His solution addresses both commercial and humanitarian needs, with his plan to make Errandly have a section where patients can have volunteers helping them out. However, that is still far along the road, and for now his focus remains completely local. His extension roadmap is methodical: UCH first, then the main UI campus, then other schools in Ibadan, and eventually beyond. 

What needs to happen before we can scale? Basically we have milestones that we want to reach because for now we are more comfortable testing in closed conditions,” Lekan explains. “Closed environment gives us a situation we can control, and two, it gives us an idea of the things we might face when we eventually scale outside of those closed environments.” 

When asked about funding, Lekan is pragmatic. “Currently we are bootstrapping, and we are comfortably bootstrapping. So I don’t think that’s much of a problem now.” Capital is not the constraint; understanding the operational challenges is. This smart approach by Lekan prioritizes sustainability over speed, preferring thorough testing over rapid growth.

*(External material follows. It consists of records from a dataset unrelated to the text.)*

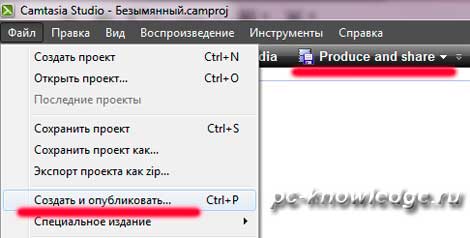 Теперь нажимаем «файл» - «создать и опубликовать» или же «produce and share»
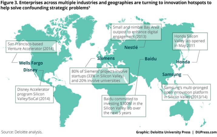 3. Having built a reputation as an innovative and collaborative environment, Silicon Valley then boosted the next generation of talent. Its workspace and office culture was central to this. Personalised workspaces, which brings together collaboration and private working epitomises the culture of innovation in Silicon Valley. These extensions of the company brand appealed to investors and employees alike.
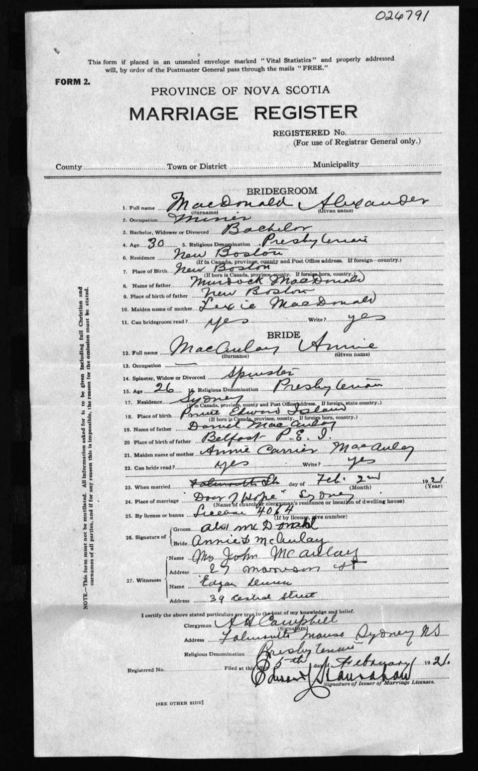 Registration: Year: 1921 number: 26791
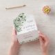 These "Greenery Eucalyptus Leaves Wedding All in One Invitations" are designed with an easy to tear off perforated RSVP postcard. Just simply fold each card into the outlined shape, and then seal and send - no envelope needed for shipping.
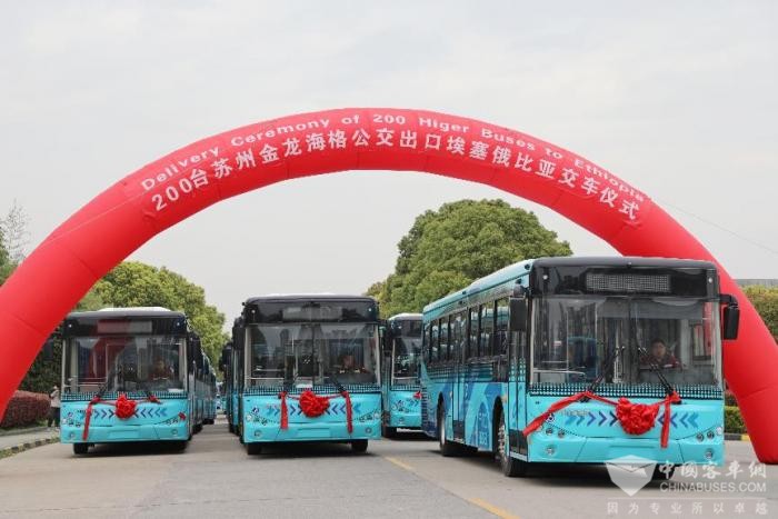 凭借定制化的高性能车型和立体化的解决方案,苏州金龙不断加快“走出去”的步伐,在埃塞俄比亚公共交通市场占有率稳步提升。截止目前,苏州金龙已累计出口埃塞俄比亚客车近1000辆,不仅为当地公共交通发展贡献了“海格方案”,也进一步提升了中国客车在“一带一路”共建国家的影响力。
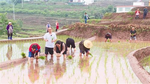 连日来,水富市降雨天气持续。为全力抢抓时机,确保秋季粮食稳产增收,向家坝镇永安村田竹片区的稻农奔忙于田间地头,分工协作、互帮互助,用勤劳的双手将一株株嫩绿的秧苗插入稻田里。转眼间,秧苗串成线、连成片,满是新绿的水田倒映着稻农繁忙的身影,呈现出一派生机勃勃的景象。
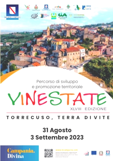 C’è attesa a Torrecuso, grazioso Borgo in provincia di Benevento ai piedi del Taburno, per la 48esima edizione di ‘Vinestate’ la rassegna dedicata ai vini del Taburno in programma da giovedì 31 agosto a domenica 3 settembre. Sarà un percorso di sviluppo e promozione territoriale organizzato dal Comitato ‘Vinestate’ con il Comune di Torrecuso, ed il patrocinio della Regione Campania e dell’Assessorato all’Agricoltura Regionale, della Provincia di Benevento, del Gal Taburno, dell’Ente Parco Taburno-Camposauro e in sinergia con la Cia e la Coldiretti e diverse associazioni territoriali. Vinestate, è un intervento co-finanziato dal ‘POC Campania 2014-2020. Rigenerazione urbana, Politiche per il Turismo e la Cultura. Programma Unitario di Percorsi Turistici di tipo culturale, naturalistico ed enogastronomico di portata nazionale ed internazionale’ e che rientra nella brandy identity “Campania.Divina”.
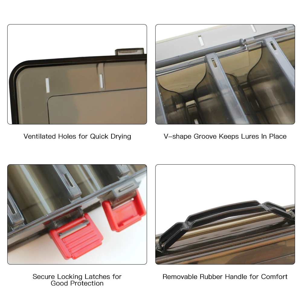 Особенности:Двухсторонний дизайн с надежными фиксирующими защелками.14 отдельных отсеков предотвращают сматывание насадок или крючков.Каждый отсек с v-образной канавкой, чтобы держать крючок приманки на месте.Прозрачная крышка для ясной видимости вашей приманки.Съемная резиновая ручка для удобной переноски.
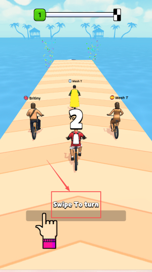 1、开启水上竞速:进入游戏选择模式,明确 “骑单车避障、冲线拿第一” 目标,熟悉单车控制与竞速操作逻辑,做好闯关准备。
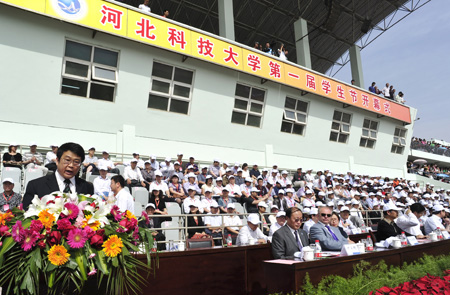 | 22日上午9時河北科技大學(xué)第一屆學(xué)生節(jié)開幕式在新校區(qū)主體育場隆重舉行,河北省委副書記付志方出席開幕式并宣布學(xué)生節(jié)開幕,省人大副主任馬蘭翠,政協(xié)副主席王剛及國家教育部,中國城市規(guī)則設(shè)計研究院,河北省國資委教育廳、文化廳、省考試院的主要領(lǐng)導(dǎo)在主席臺前臺就座,開幕式由河北科技大學(xué)黨委書記衛(wèi)舸主持。校長李強代表高校黨政領(lǐng)導(dǎo)班子致歡迎詞。 我公司做為河北科技大學(xué)的教育教學(xué)實習基地,公司總經(jīng)理劉占查應(yīng)邀參加了開幕式,并在主席臺就座。上午10點30分公司總經(jīng)理參加了大學(xué)組織的企業(yè)家座談會,就今后加強校企進一步合作、共謀發(fā)展與高校領(lǐng)導(dǎo)進行了坦誠友好的交流。

And so, “by the time we scale, then those problems, we already know that, okay, this kind of problem might arise, will arise, and then we have checks to mitigate them before a disaster happens or something.” 

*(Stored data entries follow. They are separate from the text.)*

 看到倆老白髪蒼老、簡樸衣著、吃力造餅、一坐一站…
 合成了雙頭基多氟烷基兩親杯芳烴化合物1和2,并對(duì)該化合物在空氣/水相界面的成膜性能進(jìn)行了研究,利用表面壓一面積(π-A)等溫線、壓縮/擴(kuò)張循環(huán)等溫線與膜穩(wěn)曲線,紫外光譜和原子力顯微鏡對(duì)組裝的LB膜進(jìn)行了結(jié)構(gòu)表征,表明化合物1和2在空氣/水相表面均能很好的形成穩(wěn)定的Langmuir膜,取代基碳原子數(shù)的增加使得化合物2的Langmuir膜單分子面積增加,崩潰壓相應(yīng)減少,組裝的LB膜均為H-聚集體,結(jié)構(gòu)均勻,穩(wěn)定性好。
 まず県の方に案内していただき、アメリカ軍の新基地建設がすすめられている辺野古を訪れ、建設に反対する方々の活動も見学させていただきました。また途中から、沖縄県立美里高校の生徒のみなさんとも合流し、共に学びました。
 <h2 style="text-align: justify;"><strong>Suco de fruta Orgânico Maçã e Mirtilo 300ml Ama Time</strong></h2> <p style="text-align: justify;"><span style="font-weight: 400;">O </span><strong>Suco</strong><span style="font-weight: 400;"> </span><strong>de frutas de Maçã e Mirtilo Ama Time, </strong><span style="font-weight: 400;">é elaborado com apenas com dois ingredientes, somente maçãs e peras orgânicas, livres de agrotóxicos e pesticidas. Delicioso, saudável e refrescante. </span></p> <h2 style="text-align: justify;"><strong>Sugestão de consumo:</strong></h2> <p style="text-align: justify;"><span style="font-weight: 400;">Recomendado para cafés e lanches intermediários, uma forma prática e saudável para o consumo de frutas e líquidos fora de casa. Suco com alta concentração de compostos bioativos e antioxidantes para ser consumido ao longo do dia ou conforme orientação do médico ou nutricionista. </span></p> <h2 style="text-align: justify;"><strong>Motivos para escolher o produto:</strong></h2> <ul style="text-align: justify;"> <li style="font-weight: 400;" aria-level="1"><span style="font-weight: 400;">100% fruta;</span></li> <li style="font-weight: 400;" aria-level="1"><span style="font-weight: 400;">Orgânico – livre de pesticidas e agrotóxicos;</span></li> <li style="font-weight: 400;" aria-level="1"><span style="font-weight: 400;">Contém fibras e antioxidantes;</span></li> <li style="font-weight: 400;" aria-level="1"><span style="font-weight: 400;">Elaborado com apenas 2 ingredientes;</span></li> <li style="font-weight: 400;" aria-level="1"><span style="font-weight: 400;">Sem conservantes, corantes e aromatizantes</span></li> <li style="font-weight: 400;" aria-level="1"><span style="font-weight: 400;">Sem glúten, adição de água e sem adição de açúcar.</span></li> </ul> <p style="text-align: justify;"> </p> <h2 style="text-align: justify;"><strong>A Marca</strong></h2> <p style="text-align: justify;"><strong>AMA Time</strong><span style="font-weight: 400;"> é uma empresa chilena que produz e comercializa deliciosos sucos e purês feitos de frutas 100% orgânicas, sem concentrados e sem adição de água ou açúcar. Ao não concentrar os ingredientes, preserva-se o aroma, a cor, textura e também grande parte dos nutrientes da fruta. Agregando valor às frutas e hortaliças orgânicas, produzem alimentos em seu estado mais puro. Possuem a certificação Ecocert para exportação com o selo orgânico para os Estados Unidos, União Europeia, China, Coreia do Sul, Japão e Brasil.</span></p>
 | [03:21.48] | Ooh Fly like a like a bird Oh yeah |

The story of Errandly is still being written, with its website in development and its imminent expansion. But perhaps that’s what makes this story worth telling right now. In the space where too many stories are only documented after unicorn valuations or acquisition announcements, Errandly represents a real-time case study on how solutions can come from real, extremely relatable problems. For now, UCH students continue their tasking schedules in Ogba, but with one less burden. A simple WhatsApp group solving real problems for real people, one errand at a time. Sometimes, that’s exactly how the most important businesses begin.